By 1613, Galileo had seen the new world and embraced its implications. Writing with dramatic flair, he scolded his opponents for clinging ‘with such obstinacy in maintaining Peripatetic conclusions that have been found to be manifestly false’.
Galileo’s practical experiments connected Copernicus’s theory to an underlying physical reality. Ptolemy’s cosmos was not a final scientific truth, but it was a necessary mythology to make sense of the cosmos.
This example and others tell us that model collapse is cultural pathology. It emerges when explanatory frameworks (be they cosmological, theological, artistic, or computational) become recursive without recognising their own closure. In each case, the signs are the same:
In ancient astronomy, the Ptolemaic system became so complex, with epicycles stacked on epicycles, that it eventually collapsed under the weight of its own internal logic.
In medieval theology, Scholasticism spun increasingly subtle distinctions in Aristotelian metaphysics, which reformers diagnosed as a recursive loop detached from experiential grounding.
In Renaissance art, Mannerism mimicked and magnified the styles of the High Renaissance. It turned the visual language of naturalism into stylised abstraction that some said was too far from the world.
In modern computing, model collapse is a fear born from a similar structure. It holds that AI models trained on AI outputs will spiral into self-reference, losing the diversity and grounding once present in human data.
Collapse is about forgetting what the model was originally for. A model breaks when its internal structure becomes so dominant that contradiction, novelty, or reality itself can no longer puncture it.
This is why model collapse is unlikely to pose trouble for the AI project.
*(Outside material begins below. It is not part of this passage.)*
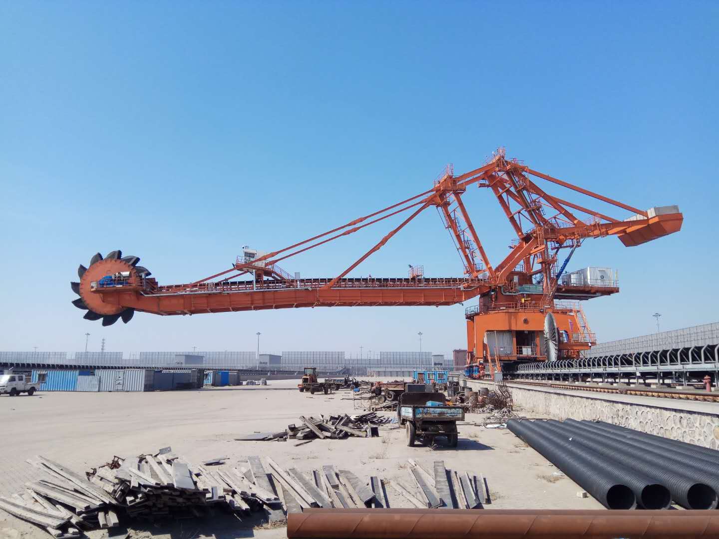 自動化成套斗輪堆取料機(jī)又叫斗輪堆取料機(jī)是工業(yè)大宗散狀物料連續(xù)裝卸的高效設(shè)備,目前已經(jīng)廣泛應(yīng)用于港口、碼頭、冶金、水泥、鋼鐵廠、焦化廠、儲煤廠、發(fā)電廠等散料(礦石、煤、焦碳、砂石)存儲料場的堆取作業(yè)。

Developers know what the feedback loop for building resilient systems looks like. They are aware of the the pain points, the need for grounding mechanisms, and the most appropriate way to mix synthetic and real examples to avoid self-reinforcing drift.
Collapse is about a failure to distinguish between imitation and insight, reflection and source, and map and territory. It happens when we forget. When we forget to check our models against the world, when a system forgets its purpose, and when we forget to question our assumptions.